The required output is every line from the one containing "11. California National" through the last line of the listing below, copied exactly, pictures excluded.
[[ Data for this exercise, beginning ]]
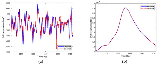 - The prediction results of the stochastic term and the deterministic term are combined. The results can be used as the final prediction result for the original daily water demand time series.
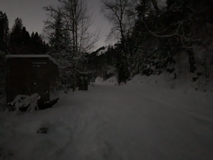 Start ab Parkplatz hinter Säge (ca. 1080 m) um 7:30 Uhr bei -4°C. Strasse mit griffiger Pulverschneeauflage mehr oder weniger gleichmässig festgefahren, pistenähnlich. Kein Eis- oder Fahrbahnkontakt. Ab Ende Panzerpiste weiter auf (sehr gut angelegter, Danke) Solospur (vermutlich vom Vortag) bis zum kleinen Eisfallcouloir. Mit Pickel und Leichtsteigeisen über kurze, vereiste Felsstufe (geht sicher auch ohne) in teils knietiefer Wühlerei etwa 50 Hm nach oben. Again - merci für's Vorspuren an unbekannt. Traverse bereits vom Wind wieder verweht, alte Spur aber immer gut erkennbar. Der frische Pulverschnee liegt - geringfügige Windverfrachtungen fanden statt - gut verbunden auf der eisigen Kruste vom Jahreswechsel. Keine objektiven Gefahren, insbesondere in den steilsten Bereichen zwischen 2200 und 2500 m, erkannt. Letzte 5 m zum Gipfel zu Fuss.
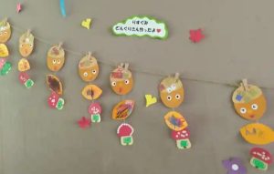 この写真も、りす組さんの作った、ドンぐりと木の葉の作品。二階への階段に飾ってあります。
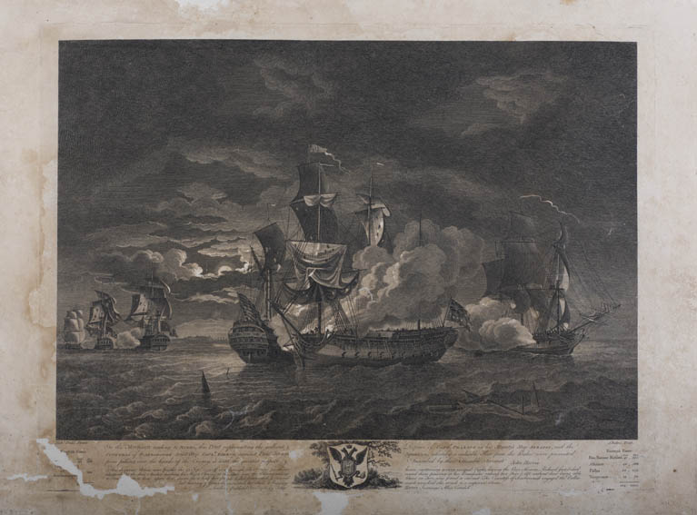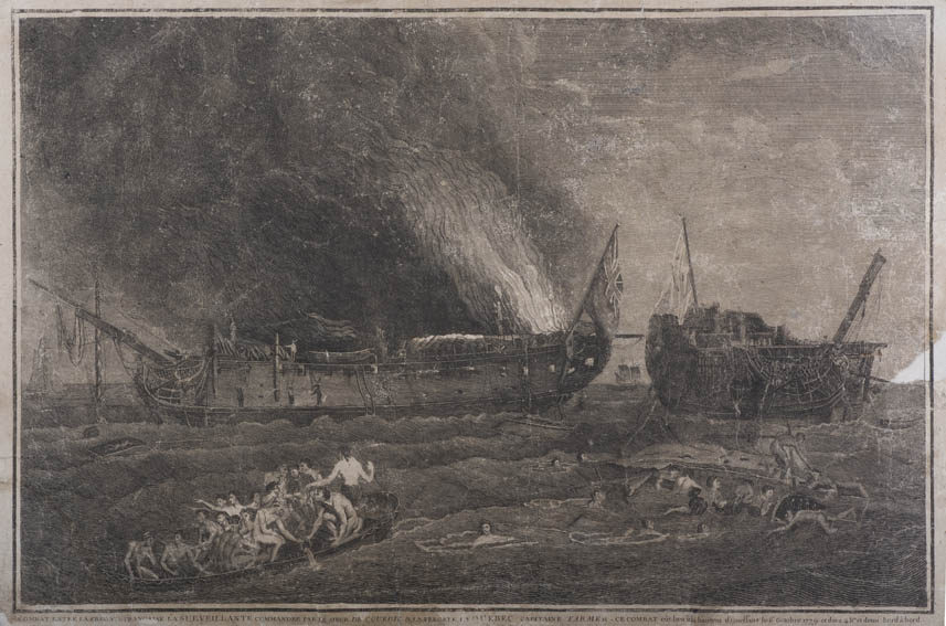 | Description | Grabado de Robert Dodd, marino británico y pintor famoso por su trabajo en el que muestra las guerras de coalición que se dieron antes de la Revolución francesa. En este caso tenemos una representación de un combate entre ingleses y estadounidenses en la costa británica el 23 de septiembre de 1779. En la obra se aprecian varios navíos luchando costado contra costado. |
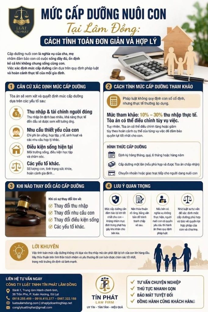 24/04/2026 3Việc xác định mức cấp dưỡng nuôi con sau ly hôn không chỉ là nghĩa vụ pháp lý mà còn là sự đảm bảo cho tương lai của trẻ. Tại khu vực Lâm Đồng, dù pháp luật không quy định một con số cố định, nhưng mức cấp dưỡng thường được tính toán dựa trên sự giao thoa giữa nhu cầu của trẻ và khả năng tài chính của người thực hiện nghĩa vụ.
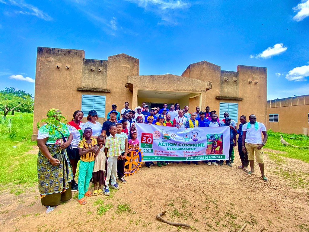 Loumbila 30 Aout 2025 , Burkina Faso – Les clubs Rotary Ouaga Yennenga, Ouaga Savane, Ouaga Élite et Ouaga Excellence se sont mobilisés ce week-end pour une opération de reboisement à la Préfecture de Loumbila. Au total, 200 plants ont été mis en terre, en présence des présidents et membres des clubs ainsi que du président de la délégation spéciale de la commune.
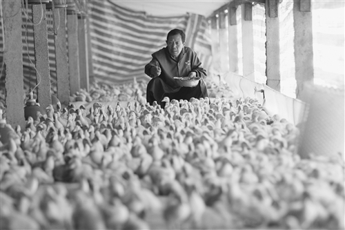 图为11月14日,合作社社员正在喂养樱桃肉鸭。
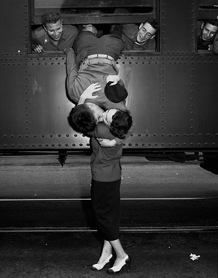 11. California National Guardsman hanging out the window of a train, kissing his wife good-bye, 1950.
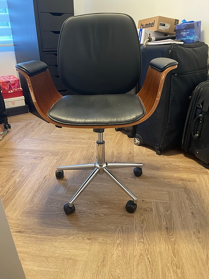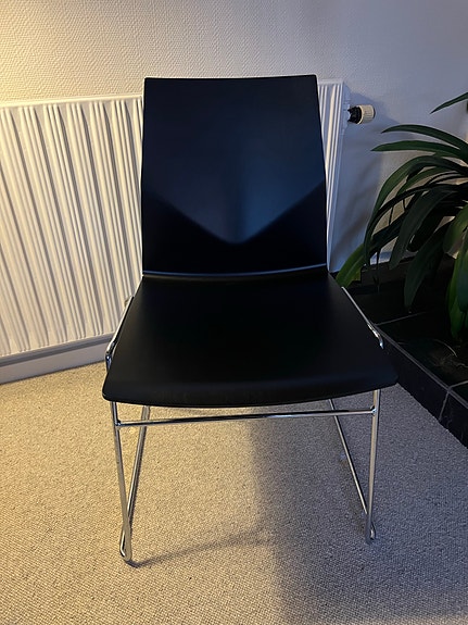 Stol i træ med sæde i sort læder
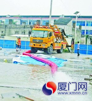排涝利器“龙吸水”排涝抢险专用车正在执行排涝任务。
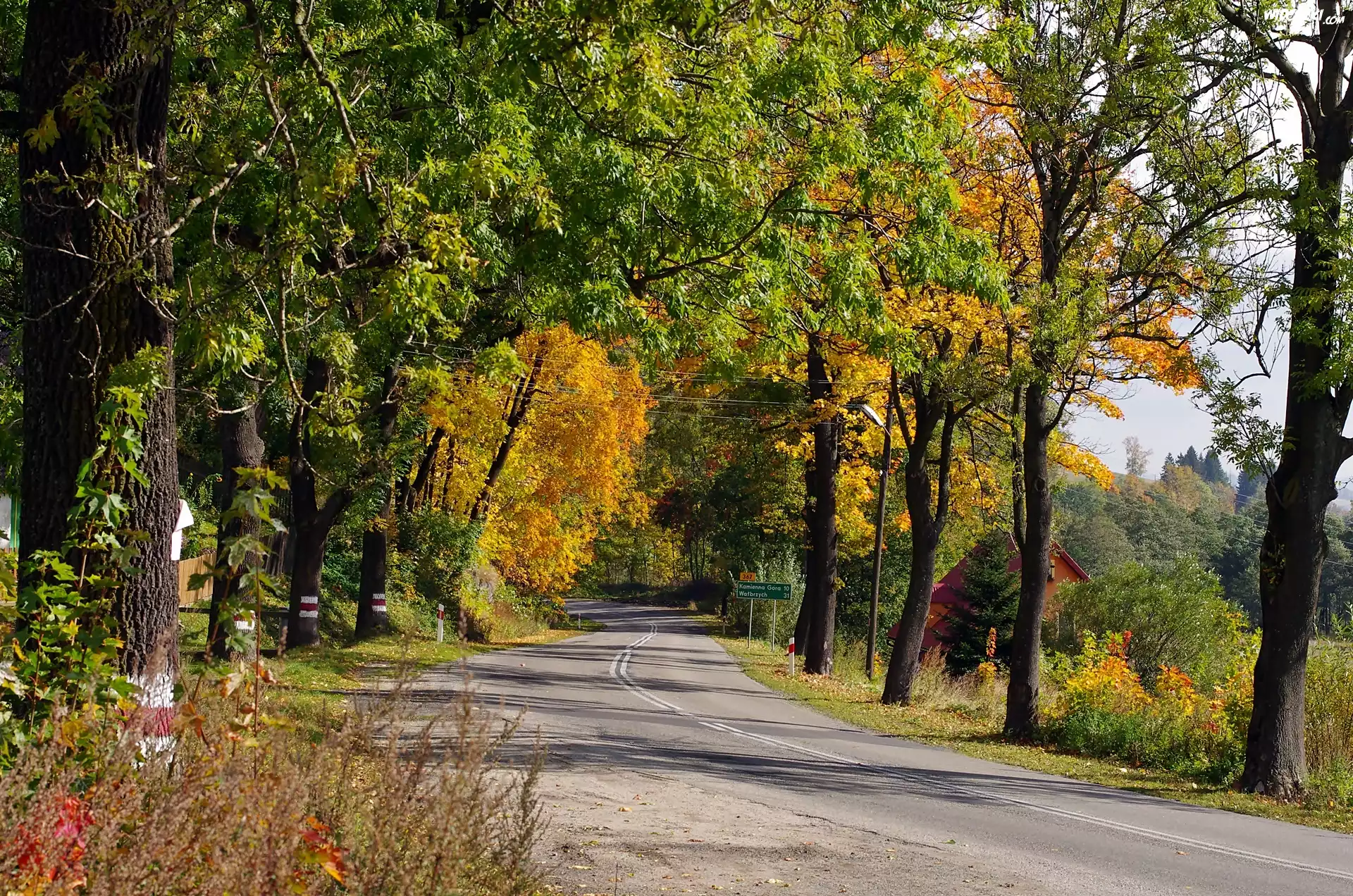 Zdjęcia, Dolny, Śląsk, Dom, Droga, Drzewa, Jesień
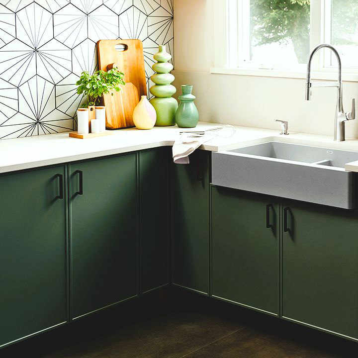 RTA Slim Shaker Green cabinets are built to last and will elevate any kitchen or bathroom to a modern look/feel.
[[ Data for this exercise, end ]]
## [Task answer]
 11. California National Guardsman hanging out the window of a train, kissing his wife good-bye, 1950.
 Stol i træ med sæde i sort læder
排涝利器“龙吸水”排涝抢险专用车正在执行排涝任务。
 Zdjęcia, Dolny, Śląsk, Dom, Droga, Drzewa, Jesień
 RTA Slim Shaker Green cabinets are built to last and will elevate any kitchen or bathroom to a modern look/feel.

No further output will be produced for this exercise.